» **YOUR INSTRUCTIONS**
Beginning with the line of the entries below that holds "Banners like this" and ending with the line that holds "All the illustrators", transcribe each line exactly as written. Pictures stay out.

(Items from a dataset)
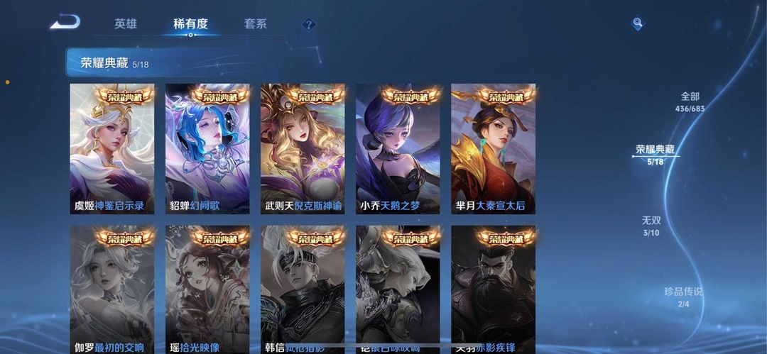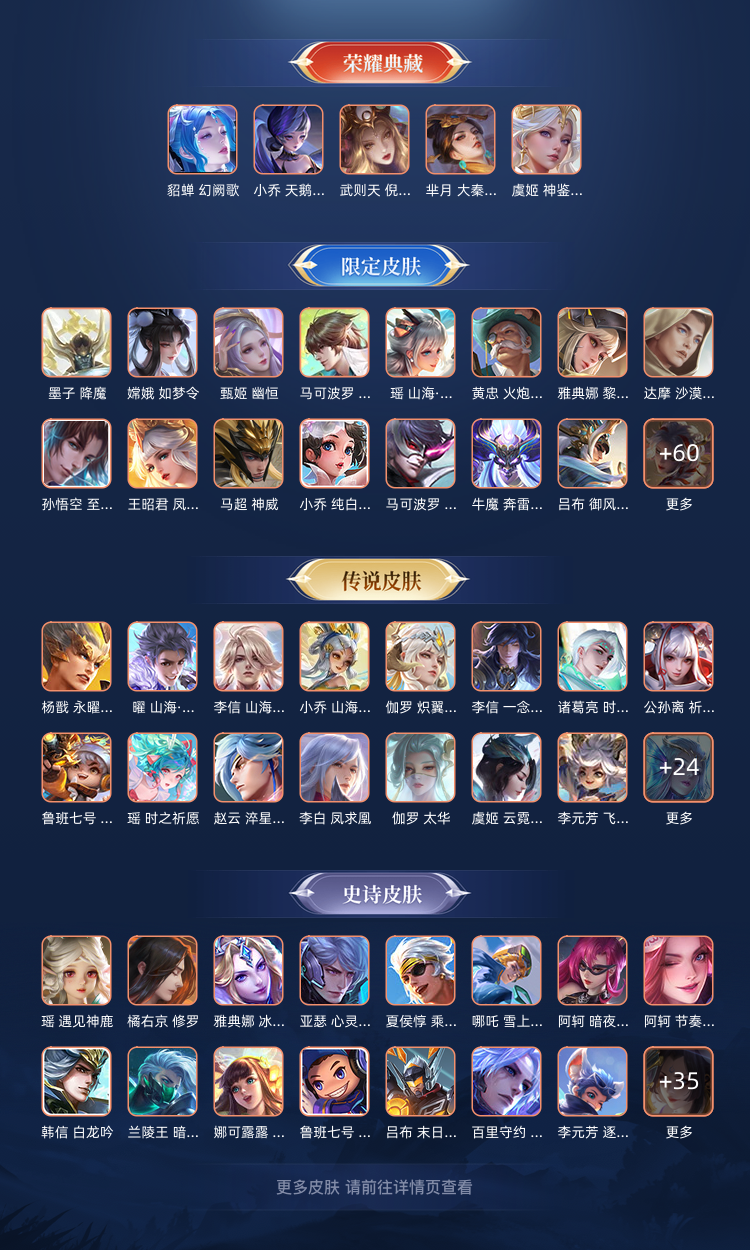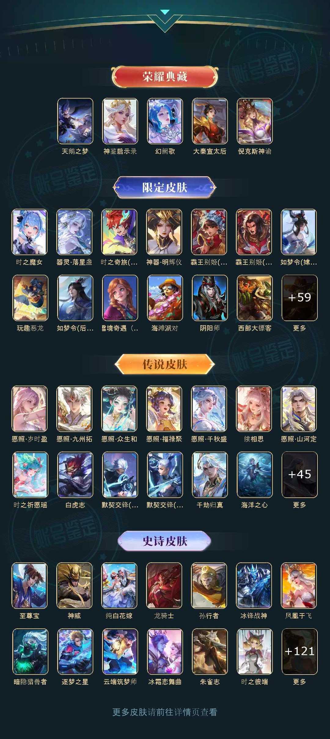 装备描述:贵族等级V10,英雄数量123,典藏皮肤数5,皮肤数量436,纯白花嫁/至尊宝/白虎志/朱雀志/久胜战神/愿照·九州拓/愿照·众生和/神器·明辉仪/神鉴启示录/愿照·福禄聚/时之祈愿瑶/器灵·落星盏/幻阙歌/时之奇旅(孙策)/愿照·千秋盛/雪境奇遇(甄姬)/愿照·岁时盈/续相思/神威/愿照·山河定/时之魔女/时雨天司/纯白花嫁/至尊宝/白虎志/朱雀志/久胜战神/愿照·九州拓/愿照·众生和/神器·明辉仪/神鉴启示录/愿照·福禄聚/时之祈愿瑶/器灵·落星盏/幻阙歌/时之奇旅(孙策)/愿照·千秋盛/雪境奇遇(甄姬)/愿照·岁时盈/续相思/神威/愿照·山河定/时之魔女/时雨天司
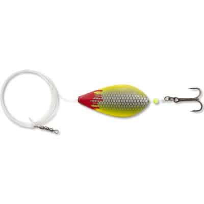 Die Farbkombination perl/gelb ist ein weiterer entscheidender Faktor. Perlmutteffekte imitieren das Schimmern von Beutefischen, während das leuchtende Gelb zusätzliche Aufmerksamkeit erregt. Die roten Akzente, die dem Köder den Namen „Bloody“ verleihen, simulieren verletzte Beute und lösen so einen unwiderstehlichen Fressreiz bei den Forellen aus. Egal ob klares oder trübes Wasser, dieser Spoon liefert ab!
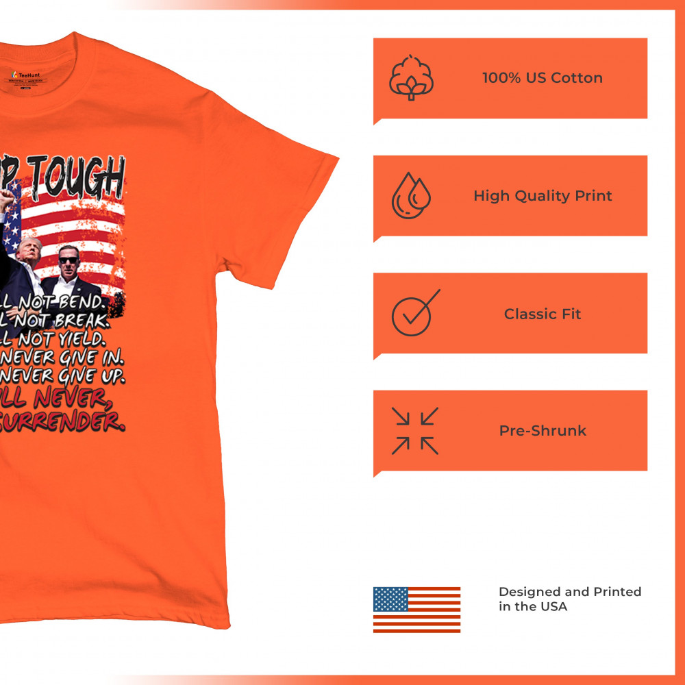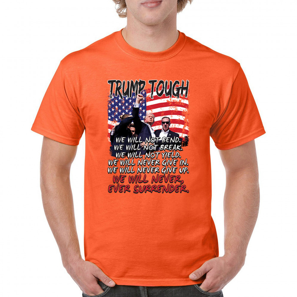 Display your unwavering support for Donald Trump with this powerful design. Crafted for those who believe in conservative values and the America First agenda, it’s perfect for any rally or event. With a striking image and the American flag in the background, this design embodies the spirit of those who refuse to give up or surrender. Show your dedication and pride every time you wear this. Join the movement and stand firm in your beliefs.
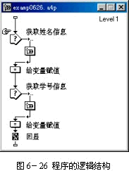 該實例是讓用戶從一個交互作用的文本輸入響應類型上輸入姓名和學號,然后程序讀取用戶的學號和姓名,再將姓名和學號顯示在展示窗口中。程序的邏輯結構如圖6-26所示。
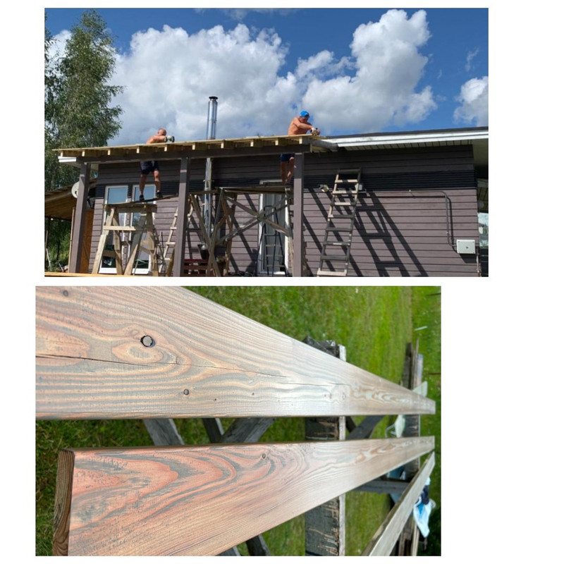 Вот буквально вчера - я доски покрасила, муж с другом террасу делают. Полезное с приятным :-)
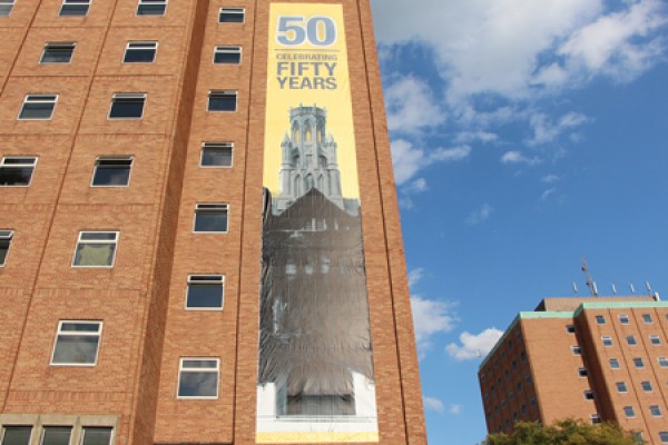 Banners like this one promoting the University’s 50th anniversary year have come down across campus.
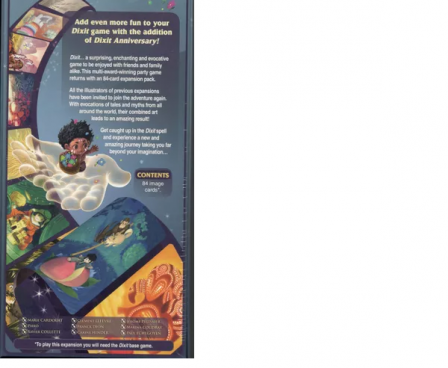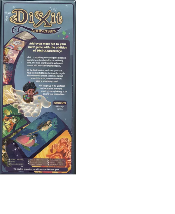 All the illustrators of previous expansions have been invited to join the adventure again. With evocations of tales and myths from all around the world, their combined art leads to an amazing result! Get caught up in the Dixit spell and experience a new and amazing journey taking you far beyond your imagination…
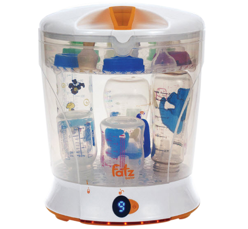 - Mẹ có thể sử dụng máy tiệt trùng bình sữa Fatzbaby cho 7 bình sữa cùng lúc với thời gian tiệt trùng nhanh chóng chỉ sau 9 phút. Sản phẩm có thể được giữ trogn vòng 3 giờ sau khi tiệt trùng ở trong máy.

» **ANSWER BELOW**
 Banners like this one promoting the University’s 50th anniversary year have come down across campus.
 All the illustrators of previous expansions have been invited to join the adventure again. With evocations of tales and myths from all around the world, their combined art leads to an amazing result! Get caught up in the Dixit spell and experience a new and amazing journey taking you far beyond your imagination…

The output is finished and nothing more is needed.